US Army soldiers participate in a network pilot for CS25 at Fort Stewart in Georgia in February. (Janes/Ashley Roque)

US Army officials envision a future where soldiers inside armoured formations do not depend on large, vulnerable command posts to effectively communicate. To get there, they are on a quest to find the right mix of line-of-sight and satellite communications (satcom) capabilities to field to these formations in 2025.

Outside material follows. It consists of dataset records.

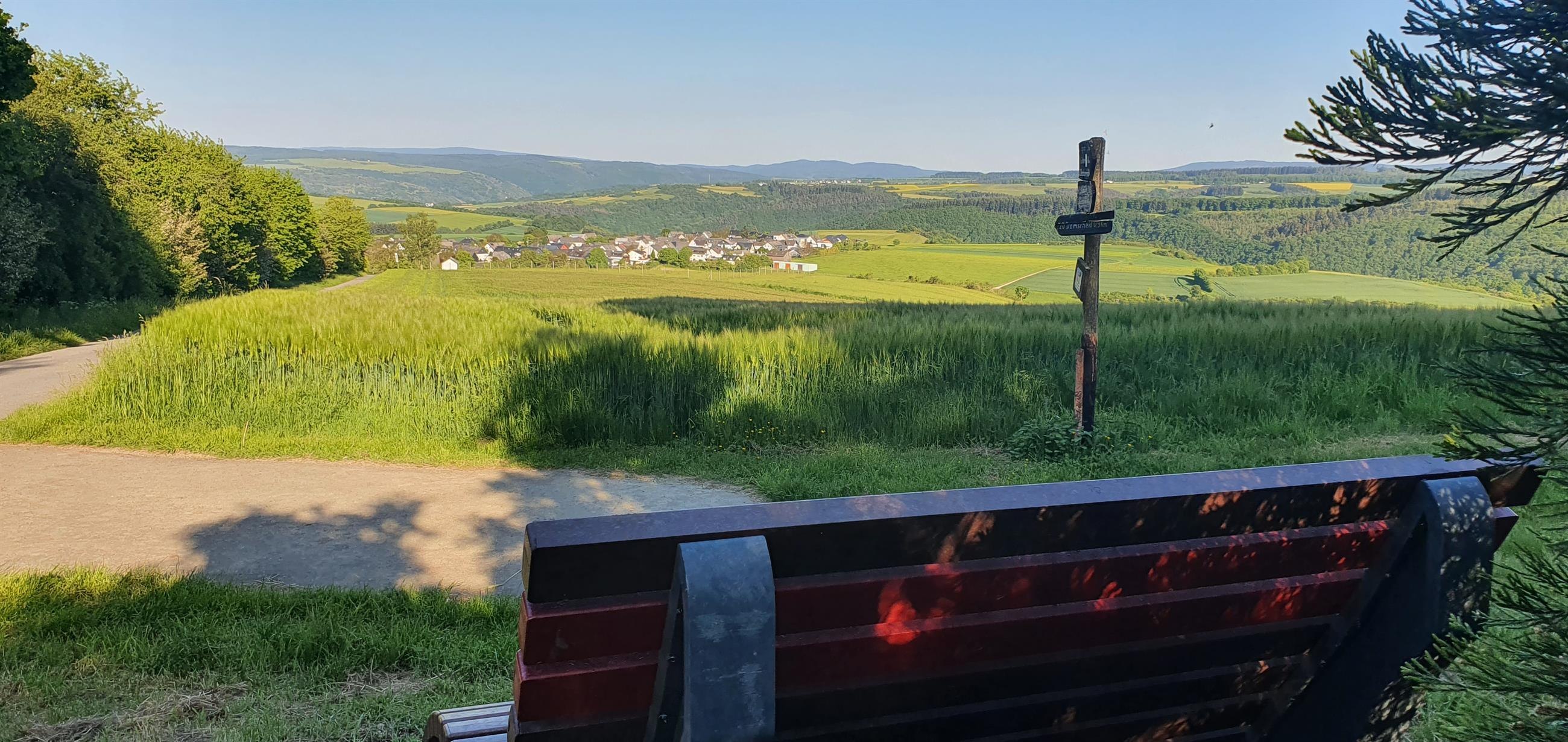 Traumhafter Aussichtspunkt in Damscheid, mit Blick bis in den Taunus am Waldlehrpfad.
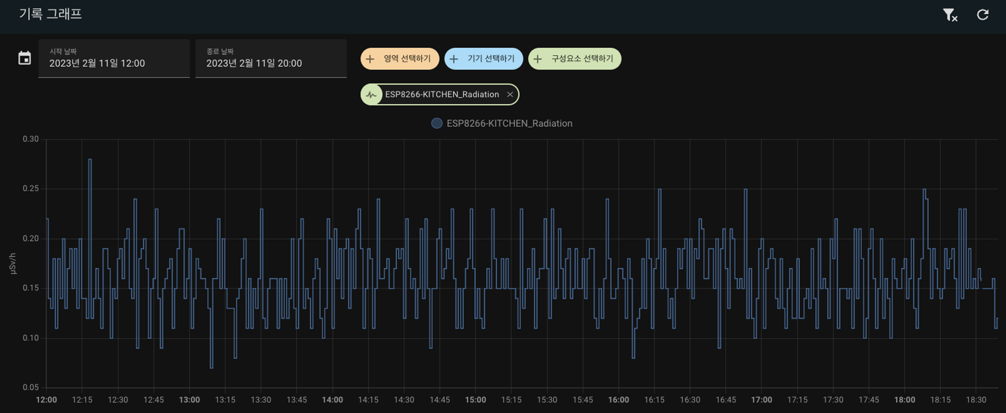 시간당 0.1 ~ 0.25 마이크로 시버트가 평상시 찍히는데, 개인에게 미치는 연 평균 자연 방사선 양은 2~3 mSv 라고 합니다.
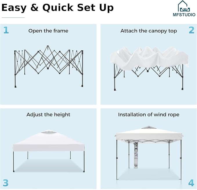 MFSTUDIO 10x10 Pop Up Canopy Tent, Outdoor Tent One Push Setup Instant Portable Shelter Canopies with Vented Top, Straight Legs, Wheeled Bag, 4 Sandbags, White
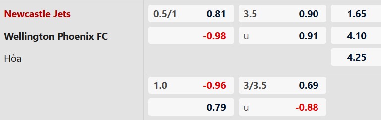Soi kèo châu Á Newcastle Jets vs Wellington:
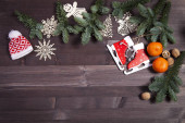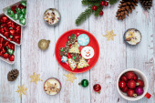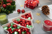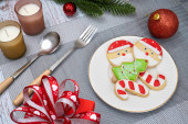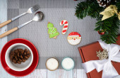 Świąteczne dekoracje stołowe z filiżanką kawy, herbatniki pokryte cukrem, świeca zapachowa i czerwone pudełko prezentów.
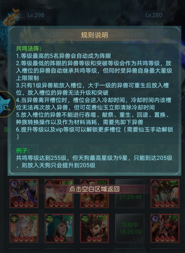 共鸣法阵是在玩家达到一定等级后开启的功能,开启地点在扶桑树。共鸣法阵的原理是,玩家可以选择五个最高等级的异兽作为阵眼,然后将其他的异兽放入法阵中,这些异兽的等级就会自动变成阵眼异兽中最低的那个。这样,玩家就不用花费仙玉和经验来升级这些异兽,而且这些异兽可以进行其他的培养,比如升星,开启兽魂,炼体,装备法宝等。但是,共鸣法阵中的异兽不能拿出来使用,如果拿出来,它们的等级就会恢复到一级,而且空出来的位置需要24小时的冷却时间,或者花费100仙玉直接冷却。
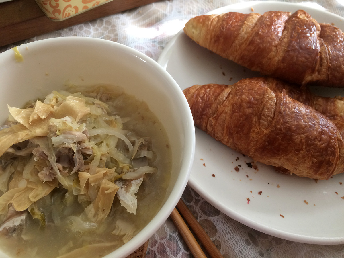 i left kevin at home while i went to my parents' place via bike. i had some sauerkraut soup and croissant for lunch. my mother spent the day catching up on her backlog of netflix shows she missed while she was away in taiwan. i reformatted my father's external memory card as internal memory because his phone has been acting weird; at first i thought maybe it was malware or a virus, but i did a scan and it found nothing. if it doesn't work, we'll need to wipe the phone and reinstall everything.
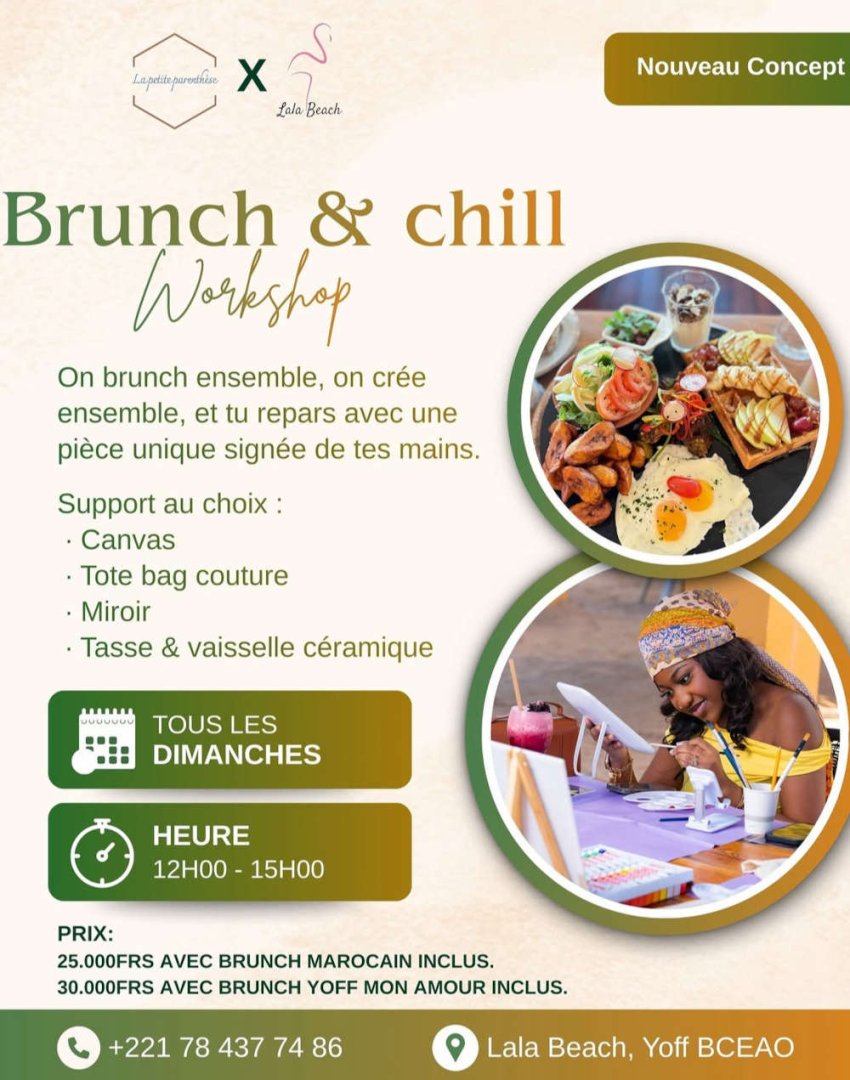 Le Brunch & Chill – Workshop est une expérience créative et gourmande organisée tous les dimanches à Lala Beach, à Yoff. Le concept est simple : on brunch ensemble, on crée ensemble, puis chacun repart avec une pièce unique réalisée de ses propres mains.
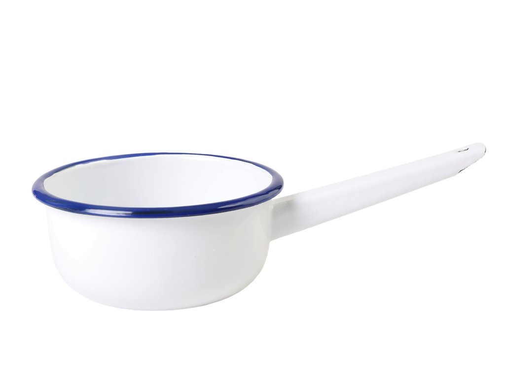 Kvalitní smaltované nádobí v retro stylu. Nádobí má klasickou bílou barvu a je doplněnou modrým lemem tak, jak ho mnozí z nás pamatují ze svého dětství. V řadě nádobí Retro nabízíme širokou škálu doplňků do vaší domácnosti, na chatu či chalupu, takže budou nejen vašimi neocenitelnými pomocníky, ale zároveň poslouží jako originální ozdoba vaší kuchyně.
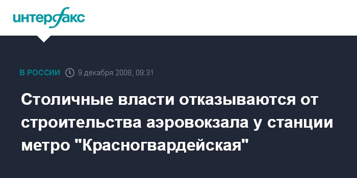 Столичные власти отказываются от строительства аэровокзала у станции метро "Красногвардейская"
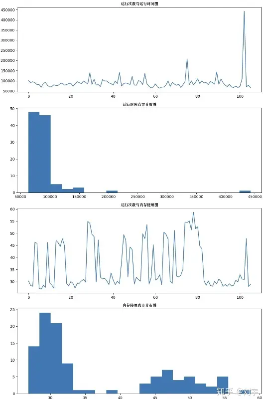 如果上一个函数,是一个非常平稳和光滑的函数,很容易预估资源使用率,那么这个函数则可以很明显看出波动,运行时间层面,可以看到绝大部分在150S以下,部分不到200S,最高峰值近450S,所以这个时候,我们就可以根据我们的业务需求来判定,这个突然之间增加到450S的请求,是否可以被中止,此时,我推荐将这个函数的超时时间设置为200S,至于内存部分,可以看到绝大部分都是40MB以内,部分出现在45-55MB,最高未超过60MB,所以此时可以推荐这个函数设置为64MB。

Under the army's Integrated Tactical Network (ITN) plan, it is fielding various technologies to the force in two-year increments. Work began with Capability Set (CS) 21 that focused on fielding communications technologies to infantry brigades in 2021. This iteration was billed as the benchmark for where the tactical network needs to be to fight on the modern battlefield. A second spiral, dubbed CS23, will be fielded to Stryker brigades in 2023. The service recently completed a technical test with this insertion ahead of a critical design review scheduled for April.

Meanwhile, the programme officials are also preparing for CS25 that will be up for a preliminary design review in April 2023 in anticipation of fielding to armoured formations in 2025. The goal, in part, is to provide these heavy formations with on-the-move communications equipment so that they are more agile and are not dependent on command posts.

“On future battlefields, you [got to] fight dispersed and distributed,” Major General Charles Costanza, the commanding general of the 3rd Infantry Division and Fort Stewart in Georgia, said during an 8 February event. He noted that the current tactical command posts are “too big” but a future CS25 would “improve our ability to fight and survive”.